No pictures belong in the copy. Restate the rest of the data exactly.

- **DATA EXCERPT**:

━━━━━━━━━━━━━━━━━━━━━━━━━━━━━━

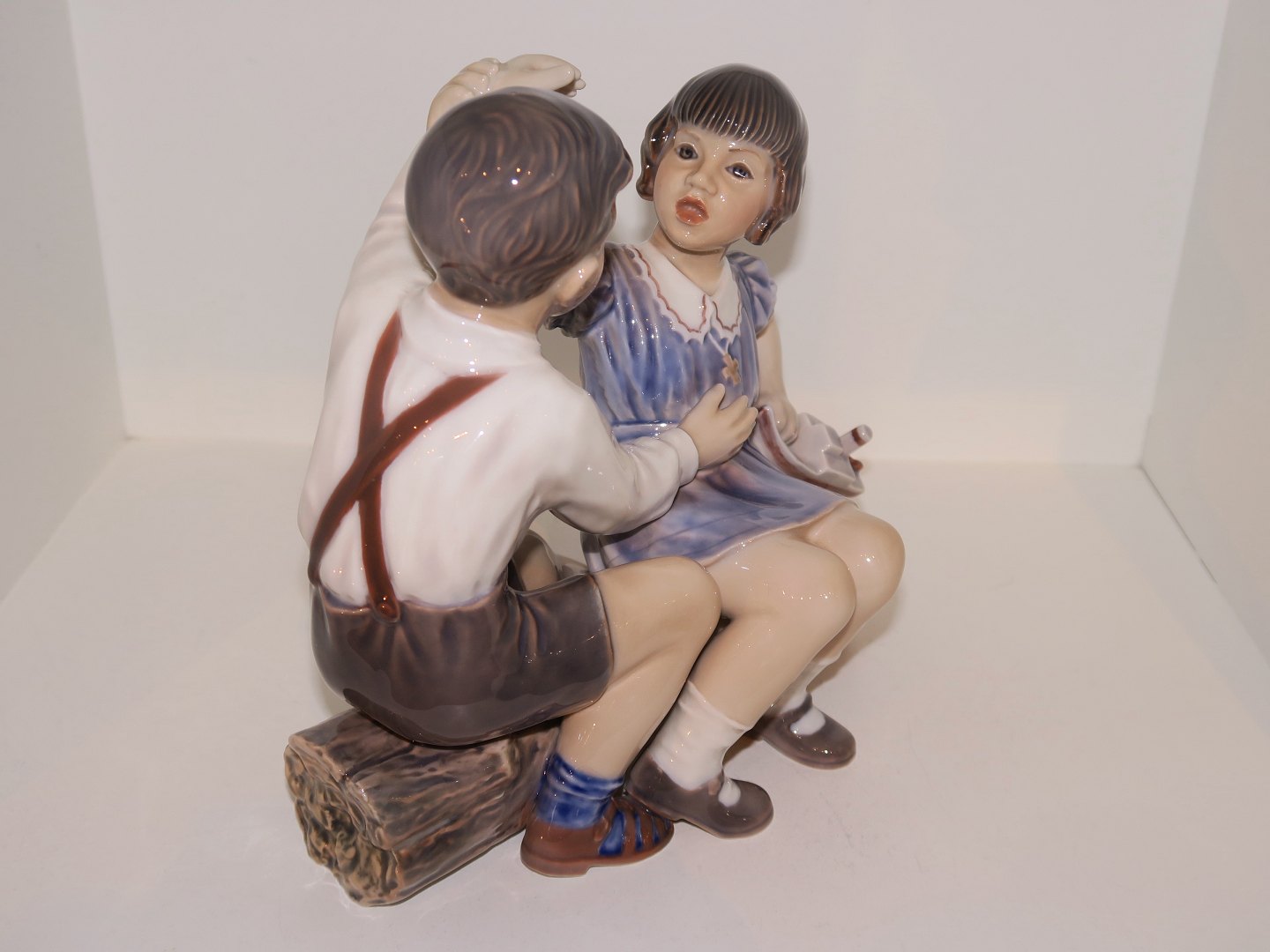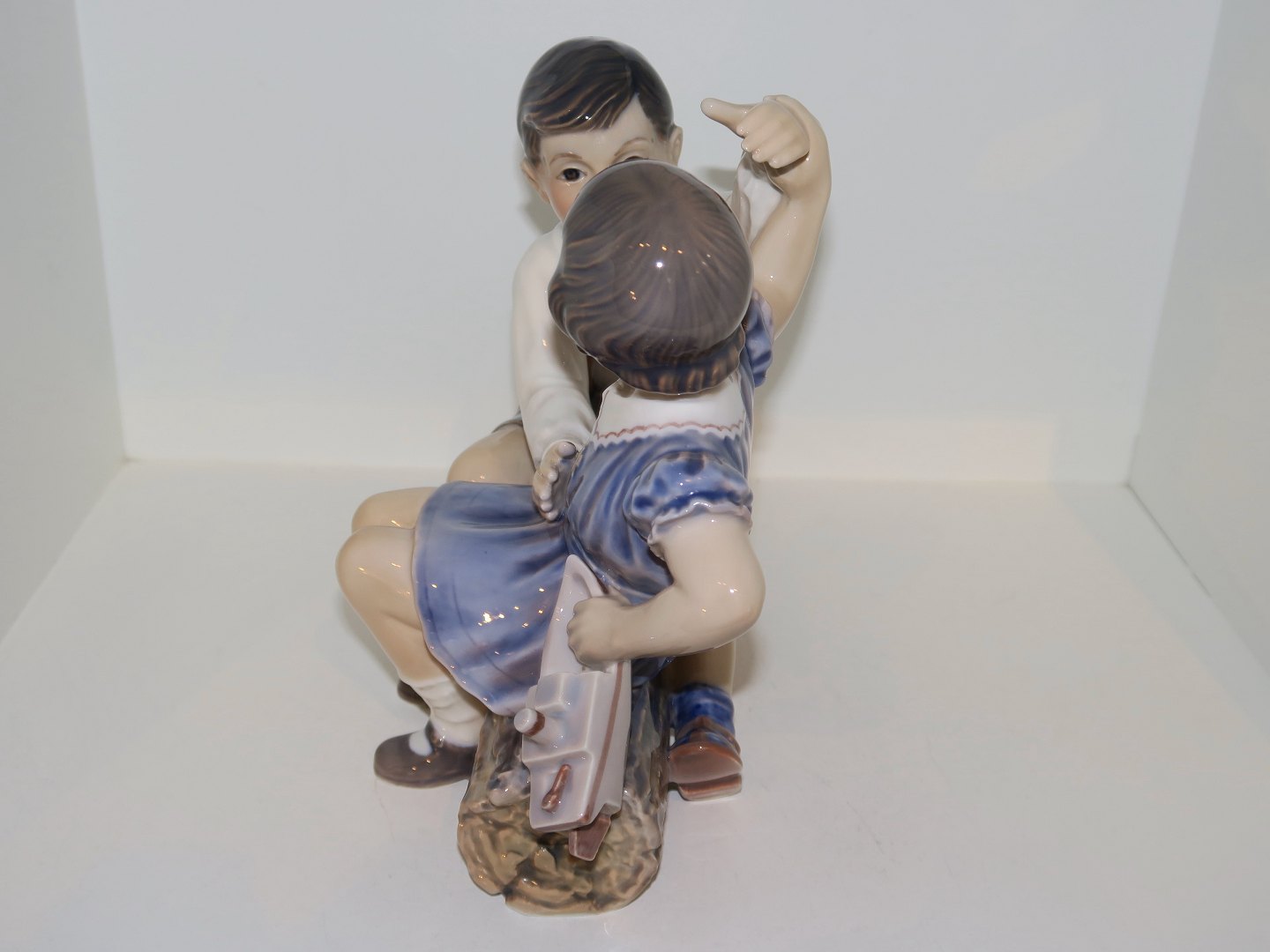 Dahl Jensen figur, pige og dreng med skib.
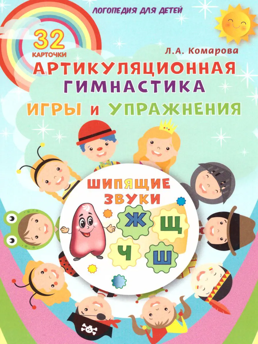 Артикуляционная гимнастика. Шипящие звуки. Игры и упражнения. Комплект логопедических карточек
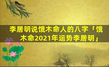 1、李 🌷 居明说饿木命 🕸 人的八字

━━━━━━━━━━━━━━━━━━━━━━━━━━━━━━

- **YOUR RESPONSE**:
 Dahl Jensen figur, pige og dreng med skib.
 Артикуляционная гимнастика. Шипящие звуки. Игры и упражнения. Комплект логопедических карточек
 1、李 🌷 居明说饿木命 🕸 人的八字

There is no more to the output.